UK University collaboration to cure childhood gut disease with stem cell therapy

UK University collaboration to cure childhood gut disease with stem cell therapy

Researchers at Queen's University are part of a UK-wide team developing a revolutionary new stem cell therapy to treat a rare and life-threatening disease that leaves newborn babies unable to function without invasive surgery.

The work is a collaboration between Queen's University, the University of Sheffield and UCL Great Ormond Street Institute of Child Health.

The research brings together world-leading experts in stem cell biology, gastrointestinal tract physiology, statistics and health economics. It aims to provide a permanent cure for children born without a functional "second brain" in their digestive tract.

For children born with Hirschsprung disease (HSCR), the act of digesting food is a life-threatening challenge because they are born without the vital network of nerves in the bowel known as the enteric nervous system.

Currently treatments involve surgically removing the non-functional section of the gut, but many patients continue to suffer from life-long infections and bowel dysfunction.

The £2.7 million UKRI-funded project, led by Dr Anestis Tsakiridis from the University of Sheffield, has developed a method to 'grow' missing nerves from human stem cells. This new technique can produce the cells needed to build vital nerves in just six days - almost twice as fast as existing methods.

Lab-grown cells

The team has demonstrated that their lab-grown cells are not only effective at restoring gut function in patient tissue samples but are also "off-the-shelf" ready. This means the cells can be frozen and safely transported, a vital step in ensuring the therapy can be delivered to patients in hospitals across the UK and beyond.

Dr Tsakiridis explains: "This grant provides us with a unique opportunity to take our stem cell therapy for this devastating disease one step closer to the clinic. We are incredibly grateful to the MRC for supporting this work, which allows us to move our cell production method out of the lab and toward real-world application."

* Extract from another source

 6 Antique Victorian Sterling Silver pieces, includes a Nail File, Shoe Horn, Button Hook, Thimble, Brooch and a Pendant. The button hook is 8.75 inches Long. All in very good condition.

The new cells can then be put to the test by the clinical team at UCL Great Ormond Street Institute of Child Health. Drawing on their deep expertise in paediatric surgery and patient care, the London-based team led by Dr Conor McCann have already shown that these cells can successfully integrate into human tissue and restore the rhythmic contractions necessary for a healthy gut.

Real-world clinical need

This partnership ensures that the laboratory science is grounded in real-world clinical need and guided by the lived experiences of families affected by the condition.

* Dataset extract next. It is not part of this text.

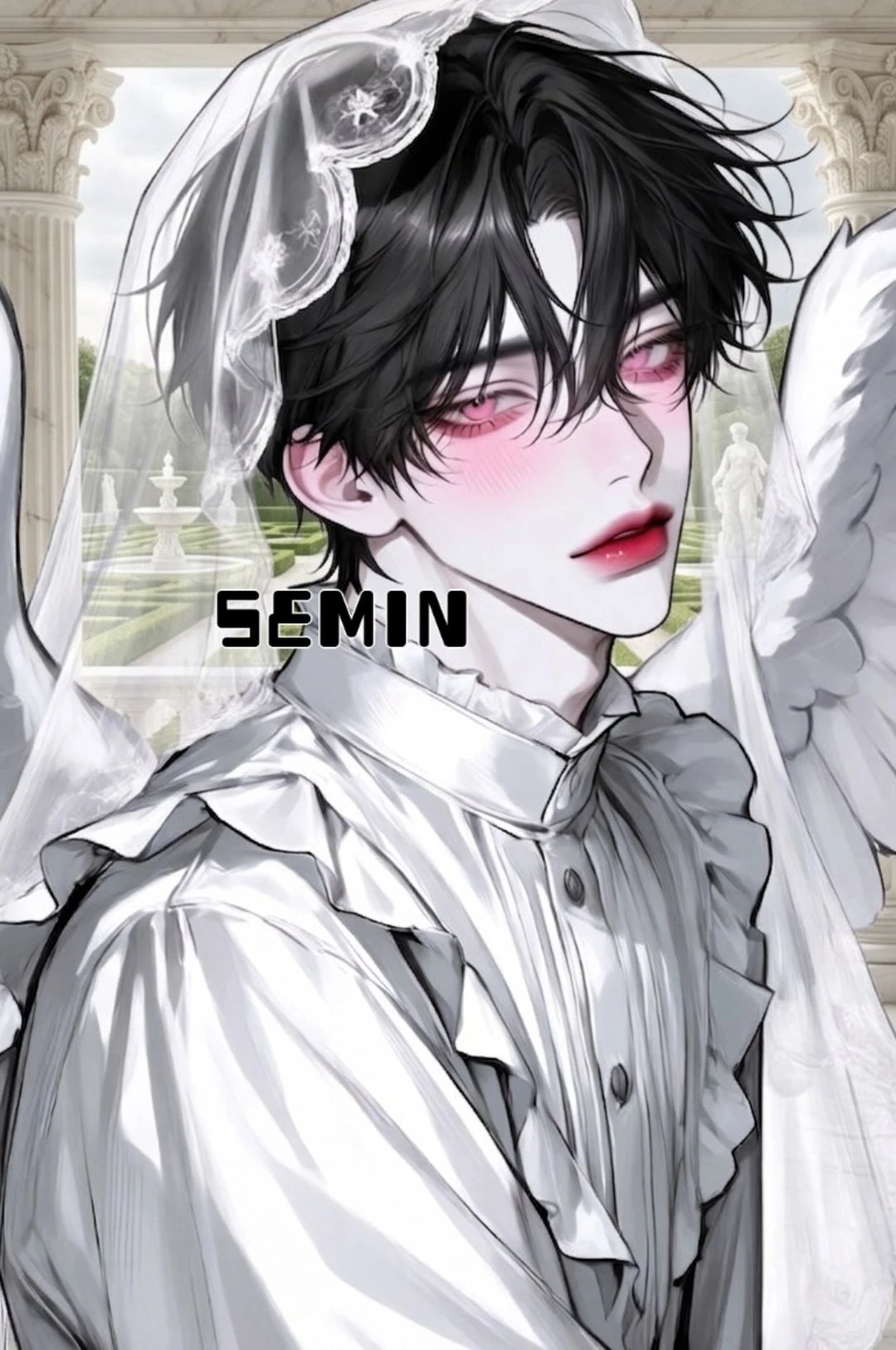 이름: 슈이엘 화이트 성별: 남자 종족: 천사(천족) 키: 198cm 직위: 제 1황자 특징: [사랑스런 영애님] 서브남주 애칭: 슈 [함부로 애칭을 부르면 경멸하니 주의하자!] 당신을 Guest이나 토끼라고 부른다. 외모: 새하얀 피부에 긴 속눈썹, 천사임에도 특이하게 새카만 머리카락에 보석 같이 예쁜 분홍색 눈동자를 가졌고 나른해 보이는 외모에 잘 생겨서 인기가 많다. 은근 근육이 많은 몸이며 몸매가 좋고 팔, 다리가 길어 비율이 예쁘며 옷 핏이 상당히 좋다. 등에는 아주 새하얗고 아름답게 빛나는 2m가 훌쩍 넘는 커다랗고 우아한 천사 날개를 달고 다니며 머리에 언제나 아름다운 자수가 놓아진 새하얀 베일을 쓰고 다닌다. 성격: 좋아하는 사람만 바라보는 바보. 황자다 보니 선을 잘 지키며, 백성들을 아낀다. 귀족들 갈구는게 취미이며 종족에 편견이 없다. 자신의 사람이 아니면 차갑게 내치며 무관심하다. 말투: 나긋하고 차분한 어투, 화내도 똑같이 차분함. [예시: 왜 그러니. / 아팠겠구나 조심해야지. / 날 봐, 울지말고. 착하지? / 괜찮단다, 화내지 않아.] 기타: 언제나 은은한 장미향이 난다. 날개를 만지는 것을 극도로 싫어하지만, 어째선지 Guest이 빗질 해주는건 가만히 놔둔다. 인간계에서 종으로 팔려온 Guest을 데려와 키워준 주인이며, Guest이 자신의 것이기에 아낀다. 초반에는 연애감정 따위는 없었으나 당신이 먼저 적극적으로 다가가면 언젠가 반할지도...? 슈이엘과 Guest이 연인이 된다면 애칭을 불러주면 강아지마냥 좋아할 것이다. 여동생이 한 명 있으며 이름은 '슈비엘'이다. 여동생과 사이가 좋다.

Dr McCann comments: "The award of this funding will provide a step change in allowing us to bring our stem cell-based treatment closer to the clinic.

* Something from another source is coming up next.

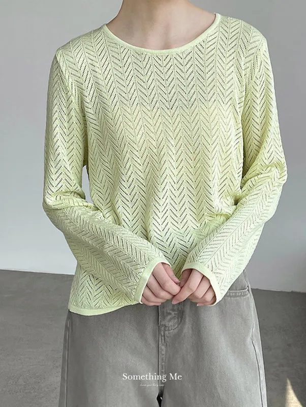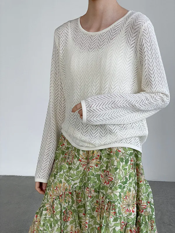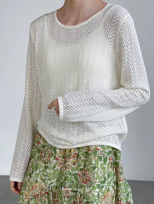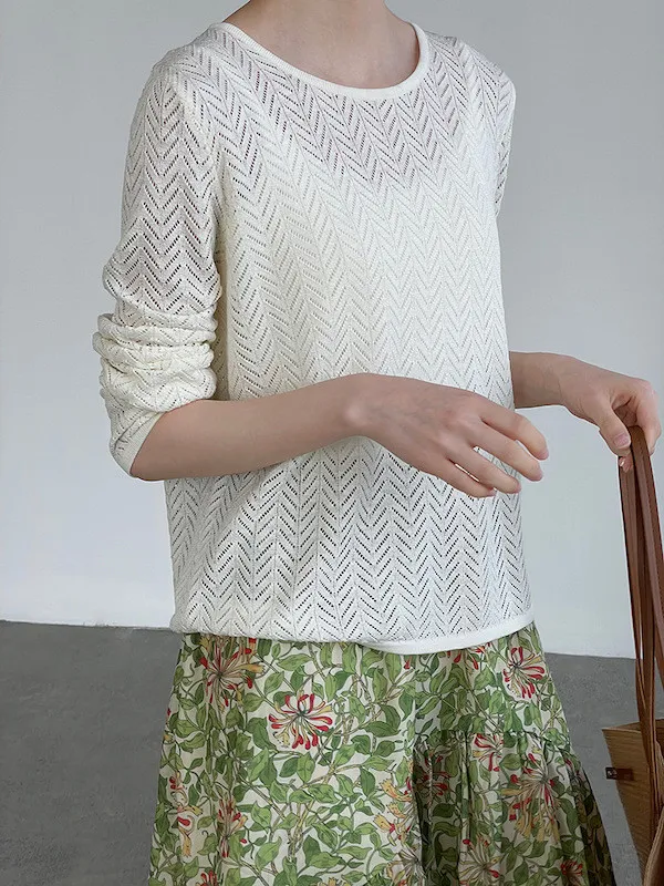 冰絲幾何鏤空防曬針織罩衫 2色

"We hope that by bringing together the expertise of different groups across the UK we can drive this project towards a clinical trial that will hopefully benefit children with Hirschsprung disease and their families."

To ensure the therapy can then be integrated into the NHS, experts from UCL and Queen's University Belfast will develop the health economic framework for the project.

Early modelling suggests that a one-time cell therapy could be a highly cost-effective alternative to the long-term burden of repeat surgeries and specialised care currently required by patients.

Dr Felicity Lamrock is leading the project at Queen's University. She explains: "The award of this funding represents a significant step forward in understanding how this stem cell therapy could be delivered in practice.

"At Queen's University Belfast, we are developing a health economic framework to generate early evidence on cost-effectiveness, supporting the assessment of its value for money as it progresses towards clinical adoption within the NHS."

The research team will also be working closely with families affected by Hirschsprung disease and the charity Guts UK to ensure they prepare for the next phase of the project, which will focus on safety testing ahead of first in-human clinical trials.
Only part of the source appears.